Static foreach bug?

Jonathan M Davis newsgroup.d at jmdavisprog.com
Wed Sep 5 11:39:31 UTC 2018


On Wednesday, September 5, 2018 5:19:04 AM MDT Dechcaudron via Digitalmars-d 
wrote:
> On Wednesday, 5 September 2018 at 10:45:20 UTC, Jonathan M Davis
>
> wrote:
> > Too many people already think that the point of static is to
> > just make something be done at compile time (which is actually
> > a pretty terrible reason to use static) without adding that
> > sort of thing into the confusion.
>
> Well, "static" in English means something that does not change
> (so do constant and immutable, but that's another story). One
> could argue that using static for function-scope variables with
> extended lifespan and for variables shared between instances of a
> class is more misleading. But since virtually every language out
> there uses them for that purpose, I understand we want to go with
> it. But then again, "static if" and "static foreach" make sense
> to me. And since all enums are compile time constants by
> definition, "static enum" may be a good way to tell them apart,
> although I do agree that it is far from ideal.
>
> I understand that the syntax for CT if and foreach blocks is not
> going to be changed for good reasons now, but was something like
> "CTif" considered at the time? I know it doesn't "look" good as
> is, but maybe some small variation could have done the trick.
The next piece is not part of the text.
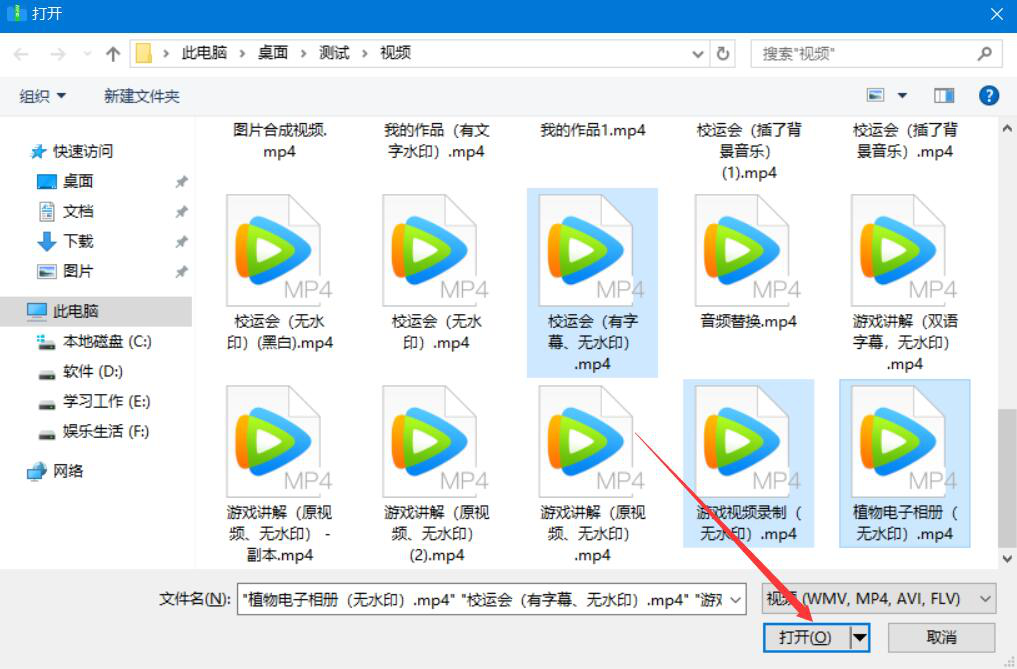 3、然后,在弹出的窗口中,我们选择需要批量压缩的视频,并点击“打开”按钮,将其一并导入迅捷压缩。

The thing is that static already has a meaning when it's used on a variable
declaration.

    static foo = 42;

and

    enum foo = 42;

already have distinct meanings, and _everything_ having to do with enums is
already a compile-time thing. So, something like

    static enum foo = 42;

really stands no chance of being anything other than highly confusing. Not
to mention, you then get into the fun question of what happens when someone
does something like

    static
    {
        enum foo = 42;
    }

or

    static:
        enum foo = 42;

And actually, right now,

    static enum foo = 42;

has exactly the same meaning. In all three cases, the static is ignored,
because it's meaningless to apply it to an enum. So, making

    static enum foo = 42;

change its meaning could actually break code (albeit code that's badly
written), and if

    static enum foo = 42;

had a special meaning, then it would be inconsistent if the

    static { enum foo = 42; }

or

    static: enum foo = 42;

versions acted differently. And those actually are much more likely to break
otherwise valid code.

Conceptually, what Timon is talking about doing here is to add an attribute
to symbols declared within a static foreach where that attribute indicates
that the symbol is temporary (or at least scoped to a particular iteration
of the loop). So, saying that it's "local" as __local would makes perfect
sense. It's local to that iteration of the loop.

And there may very well be other syntaxes which would be better, but trying
to overload the meaning of static even further by using it in this context
would risk code breakage and would be _very_ confusing for most people.